# Bases in Locally Euclidean spaces

• March 30th 2010, 05:59 PM
Drexel28
Bases in Locally Euclidean spaces
Hey everyone, I think I am making the following WAY too difficult. Does anyone have insight into A) whether the following is even correct or B) an easier way to do it (as I am sure there is one).

Problem: Let $\mathfrak{M}$ be a locally Euclidean space of dimension $n$. Call an open subset $E$ of $\mathfrak{M}$ a Euclidean ball if $E\approx O$ for some open $O\subseteq\mathbb{R}^n$. Prove that $\mathfrak{M}$ has an open base of Euclidean balls.

Proof: Let $x\in X$ be arbitrary and let $E_x$ be the guaranteed Euclidean ball containing $x$ with $\varphi_x:E_x\to O_x$ the necessary homeomorphism. Let $\Omega_x=\left\{B_{\varepsilon}(\varphi(x))):B_{\v arepsilon}\subseteq O_x\right\}$ (each of these balls are open in $\mathbb{R}^n$ for obvious reasons) and $\Lambda_x=\left\{\varphi_x^{-1}(\omega):\omega\in\Omega_x\right\}$. Clearly $\Lambda_x$ contains open subset of $E_x$, but since $E_x$ is in fact open we see that each element of $\Lambda_x$ is open in $X$. So, set $\Lambda=\bigcup_{x\in X}\Lambda_x$. By previous comment this is a class of open subsets of $\mathfrak{M}$. Also, $\varphi_x\mid_{\varphi_x^{-1}(\omega)}:\varphi_x^{-1}(\omega)\to\omega$ is a homeomorphism and so $\Lambda$ is in fact a collection of Euclidean balls. It remains to show that it's a base.

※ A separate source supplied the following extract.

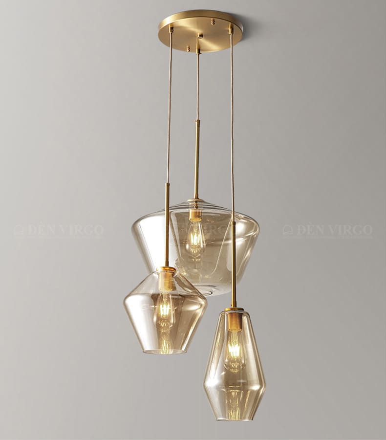Đối với phòng khách hiện đại, đèn thả thủy tinh với thiết kế hình học sắc nét kết hợp kim loại sẽ là điểm nhấn tinh tế.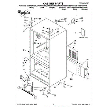 Parts for Whirlpool GX5SHDXVD00: 01 - Cabinet Parts

So, let $y\in X$ be arbitrary and $N$ any neighborhood of $y$. Thus, keeping the notation of the previous paragraph we have that $E_y\cap N$ is an open subspace of $E_y$ and so $\varphi_y(E_y\cap N)$ is an open subset of $O_y$. So, there exists some $B_{\varepsilon}(\varphi_y(y))\subseteq \varphi_y(E_y\cap N)$. It follows that $\varphi_y^{-1}\left(B_{\varepsilon}(\varphi_y(y))\right)\in\La mbda$ and $x\in\varphi_y^{-1}\left(B_{\varepsilon}(\varphi_y(y))\right)\subse teq E_y\cap N\subseteq N$. The conclusion follows. $\blacksquare$.